__Activity__: Each line from the first down to the one containing "2025.02.13 【開催終了】ミズバショウハイキング イベント情報" should be returned exactly as it appears below.

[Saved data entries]
=-=-=-=-=
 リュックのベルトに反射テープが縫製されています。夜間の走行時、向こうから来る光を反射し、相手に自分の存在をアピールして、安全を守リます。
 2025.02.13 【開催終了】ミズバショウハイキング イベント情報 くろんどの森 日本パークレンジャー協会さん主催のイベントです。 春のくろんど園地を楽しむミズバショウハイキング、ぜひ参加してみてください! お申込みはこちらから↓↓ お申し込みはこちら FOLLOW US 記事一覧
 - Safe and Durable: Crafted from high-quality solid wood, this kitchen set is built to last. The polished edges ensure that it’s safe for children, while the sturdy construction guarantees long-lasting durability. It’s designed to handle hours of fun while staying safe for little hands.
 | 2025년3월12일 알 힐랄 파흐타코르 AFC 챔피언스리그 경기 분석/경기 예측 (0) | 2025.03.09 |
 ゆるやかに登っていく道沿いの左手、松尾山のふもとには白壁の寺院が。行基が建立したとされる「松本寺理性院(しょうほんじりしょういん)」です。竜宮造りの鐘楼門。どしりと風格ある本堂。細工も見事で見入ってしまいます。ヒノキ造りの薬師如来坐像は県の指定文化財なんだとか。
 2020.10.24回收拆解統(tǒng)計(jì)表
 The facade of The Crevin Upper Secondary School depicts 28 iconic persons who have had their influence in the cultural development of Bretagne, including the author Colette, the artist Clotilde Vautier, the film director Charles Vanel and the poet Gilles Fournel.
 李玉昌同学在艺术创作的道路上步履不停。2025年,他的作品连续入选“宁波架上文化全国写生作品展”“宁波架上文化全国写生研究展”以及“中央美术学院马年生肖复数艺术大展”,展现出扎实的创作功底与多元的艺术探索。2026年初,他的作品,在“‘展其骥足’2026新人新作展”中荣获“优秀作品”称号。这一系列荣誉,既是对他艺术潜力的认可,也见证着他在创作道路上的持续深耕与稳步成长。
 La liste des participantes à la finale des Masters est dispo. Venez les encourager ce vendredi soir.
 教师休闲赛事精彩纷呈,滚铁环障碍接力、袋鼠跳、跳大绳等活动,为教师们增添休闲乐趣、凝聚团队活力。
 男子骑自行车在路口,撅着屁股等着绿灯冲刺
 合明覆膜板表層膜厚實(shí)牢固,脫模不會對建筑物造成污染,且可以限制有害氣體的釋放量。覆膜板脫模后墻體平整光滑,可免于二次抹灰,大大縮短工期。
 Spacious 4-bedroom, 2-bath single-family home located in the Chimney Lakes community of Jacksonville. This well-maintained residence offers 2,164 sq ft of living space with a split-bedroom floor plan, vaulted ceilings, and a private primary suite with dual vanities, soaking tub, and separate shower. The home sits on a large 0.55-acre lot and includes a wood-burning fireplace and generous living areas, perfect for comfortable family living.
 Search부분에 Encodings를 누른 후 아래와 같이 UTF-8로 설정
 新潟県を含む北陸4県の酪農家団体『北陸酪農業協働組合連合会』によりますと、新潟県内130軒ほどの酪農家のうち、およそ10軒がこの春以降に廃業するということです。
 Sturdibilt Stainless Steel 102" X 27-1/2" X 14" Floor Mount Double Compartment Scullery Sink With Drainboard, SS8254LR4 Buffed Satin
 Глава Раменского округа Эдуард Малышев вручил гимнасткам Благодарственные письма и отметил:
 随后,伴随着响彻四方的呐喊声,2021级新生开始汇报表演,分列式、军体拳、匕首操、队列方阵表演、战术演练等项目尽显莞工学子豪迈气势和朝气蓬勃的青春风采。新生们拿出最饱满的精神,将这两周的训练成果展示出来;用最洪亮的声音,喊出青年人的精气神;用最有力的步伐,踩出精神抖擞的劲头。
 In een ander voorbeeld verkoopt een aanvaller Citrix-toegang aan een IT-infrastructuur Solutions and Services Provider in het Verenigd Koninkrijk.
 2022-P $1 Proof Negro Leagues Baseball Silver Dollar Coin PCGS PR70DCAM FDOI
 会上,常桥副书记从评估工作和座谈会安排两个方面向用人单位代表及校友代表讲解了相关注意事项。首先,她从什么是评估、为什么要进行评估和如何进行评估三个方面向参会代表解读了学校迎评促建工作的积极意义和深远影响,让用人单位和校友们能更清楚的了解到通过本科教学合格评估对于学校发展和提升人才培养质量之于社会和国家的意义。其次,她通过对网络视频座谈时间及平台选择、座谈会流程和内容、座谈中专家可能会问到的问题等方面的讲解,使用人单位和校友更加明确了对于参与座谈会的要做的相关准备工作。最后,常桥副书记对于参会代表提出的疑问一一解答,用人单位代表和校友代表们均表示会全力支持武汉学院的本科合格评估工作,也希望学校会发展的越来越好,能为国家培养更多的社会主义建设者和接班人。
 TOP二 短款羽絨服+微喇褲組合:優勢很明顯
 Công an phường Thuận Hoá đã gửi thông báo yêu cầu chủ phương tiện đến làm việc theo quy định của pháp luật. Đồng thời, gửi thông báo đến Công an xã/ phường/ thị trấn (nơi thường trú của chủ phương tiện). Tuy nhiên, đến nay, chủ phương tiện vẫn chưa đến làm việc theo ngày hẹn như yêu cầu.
=-=-=-=-=
__Your response__:
 リュックのベルトに反射テープが縫製されています。夜間の走行時、向こうから来る光を反射し、相手に自分の存在をアピールして、安全を守リます。
 2025.02.13 【開催終了】ミズバショウハイキング イベント情報 くろんどの森 日本パークレンジャー協会さん主催のイベントです。 春のくろんど園地を楽しむミズバショウハイキング、ぜひ参加してみてください! お申込みはこちらから↓↓ お申し込みはこちら FOLLOW US 記事一覧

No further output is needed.